[What you need to do]
Copy out the entries word for word, leaving images aside.

Records from a collection:
%%

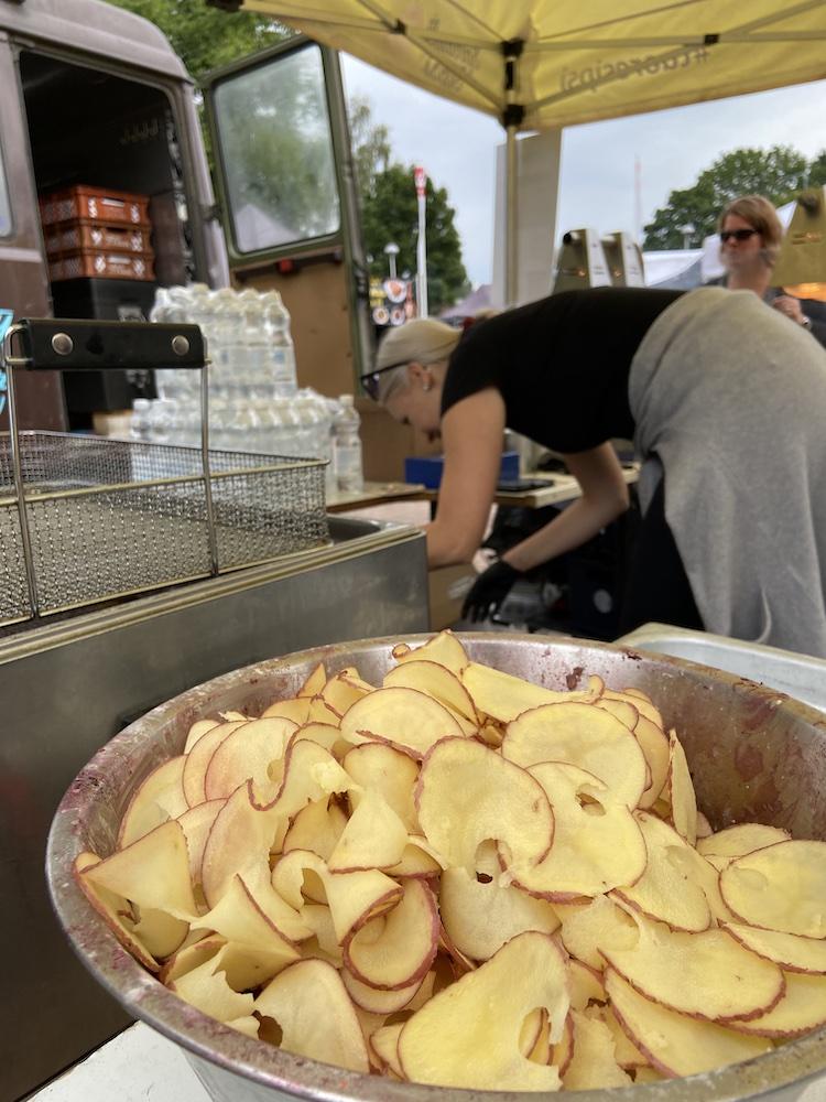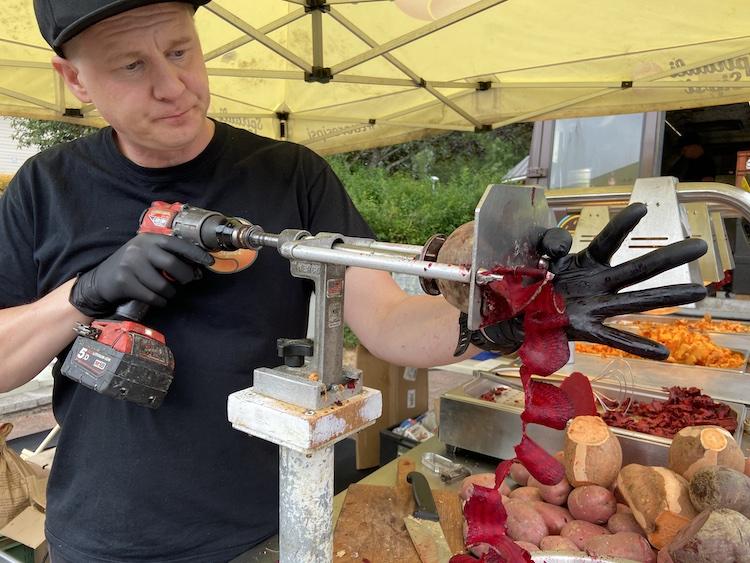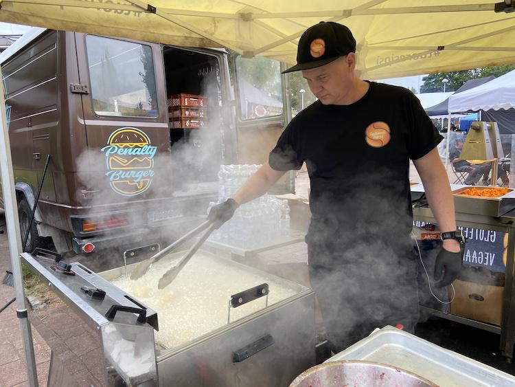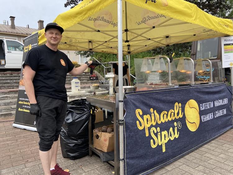 Yrittäjä Matti Martikaisen myyntikojulla käy kuhina. Lopen torilla järjestettävä street food -tapahtuma houkuttelee mökkiläisiä paikalle heti aamusta. Monelle spiraalisipsi on jo tuttu tuote.
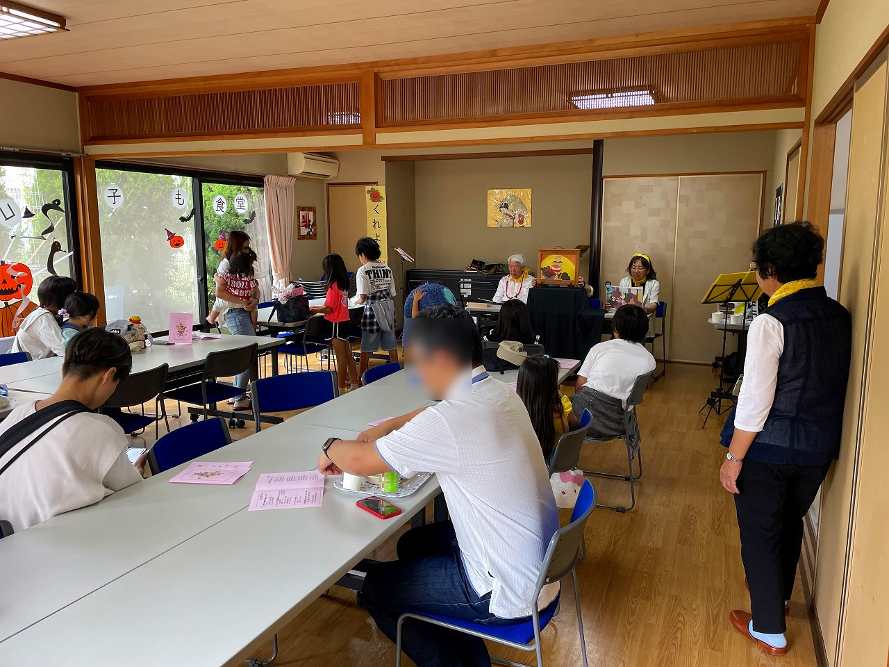 ■オカリナ・ハーモニカ演奏、紙芝居、マジックの演技を実施した。■HSCマジッククラブの協力参加で「チャイナリング」を演技してもらい、会場から大きな拍手をいただけた。■8月の子供食堂のお手伝いの時に依頼され、今回初めての訪問であったが、事前に下見をしていたのでリラックスして出来た。■紙芝居は、会場の反応が大きく、演技者もそれを受けて更に盛り上がり良かった。■時間配分もうまく行った。■マジックも会場の皆さんからのおどろきの声があがり、うまくできた。■紙芝居の後に休憩(10分間)をとった。■会場の方々と、コミュニケーションをとりながら演技ができて良かった。■終了後、デコレーションケーキとコーヒを会場の方々と一緒にいただき、私たちの演技の事もお話しが出来て良かった。
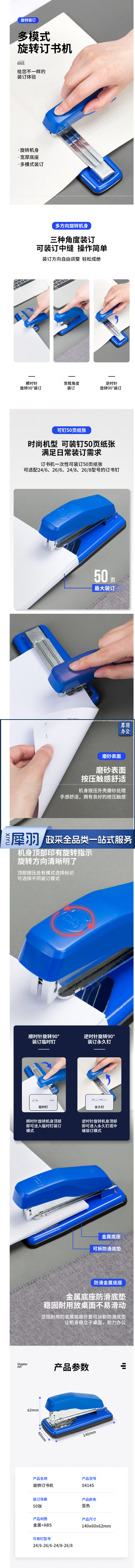 得力(deli)0414S 12#50页旋转式订书机 蓝色 单位:台
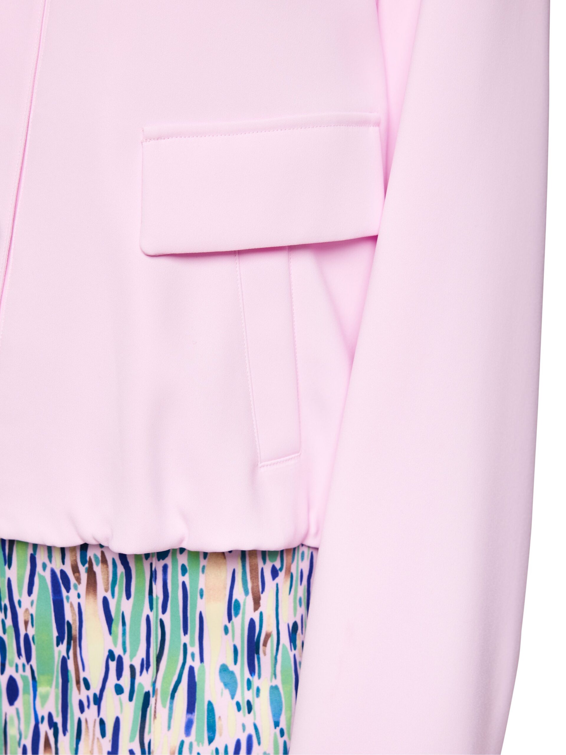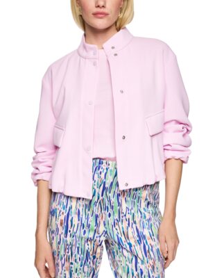 Die Jacke mit kleinem Stehkragen von Marc Cain Collections überzeugt mit einem elastischen Gummibund an Saum und Ärmeln. Die Eingrifftaschen bieten Stauraum, während die Klappen stylische Details darstellen. Vielseitig kombinierbar für Alltag, City-Look oder Outdoor-Aktivitäten. Mit Innenfutter. Das Model ist 179 cm groß und trägt N3/38.
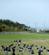 2012.02.21 20: 01스트레칭하는 오릭스 선수단
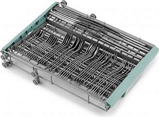- Три корзины, позволяющие разместить отдельно от остальной посуды в верхнем лотке сразу все ложки, вилки и ножи, обеспечивая при этом их наилучшее мытьё.

%%

[Solution for this task]
 Yrittäjä Matti Martikaisen myyntikojulla käy kuhina. Lopen torilla järjestettävä street food -tapahtuma houkuttelee mökkiläisiä paikalle heti aamusta. Monelle spiraalisipsi on jo tuttu tuote.
 ■オカリナ・ハーモニカ演奏、紙芝居、マジックの演技を実施した。■HSCマジッククラブの協力参加で「チャイナリング」を演技してもらい、会場から大きな拍手をいただけた。■8月の子供食堂のお手伝いの時に依頼され、今回初めての訪問であったが、事前に下見をしていたのでリラックスして出来た。■紙芝居は、会場の反応が大きく、演技者もそれを受けて更に盛り上がり良かった。■時間配分もうまく行った。■マジックも会場の皆さんからのおどろきの声があがり、うまくできた。■紙芝居の後に休憩(10分間)をとった。■会場の方々と、コミュニケーションをとりながら演技ができて良かった。■終了後、デコレーションケーキとコーヒを会場の方々と一緒にいただき、私たちの演技の事もお話しが出来て良かった。
 得力(deli)0414S 12#50页旋转式订书机 蓝色 单位:台
 Die Jacke mit kleinem Stehkragen von Marc Cain Collections überzeugt mit einem elastischen Gummibund an Saum und Ärmeln. Die Eingrifftaschen bieten Stauraum, während die Klappen stylische Details darstellen. Vielseitig kombinierbar für Alltag, City-Look oder Outdoor-Aktivitäten. Mit Innenfutter. Das Model ist 179 cm groß und trägt N3/38.
 2012.02.21 20: 01스트레칭하는 오릭스 선수단
- Три корзины, позволяющие разместить отдельно от остальной посуды в верхнем лотке сразу все ложки, вилки и ножи, обеспечивая при этом их наилучшее мытьё.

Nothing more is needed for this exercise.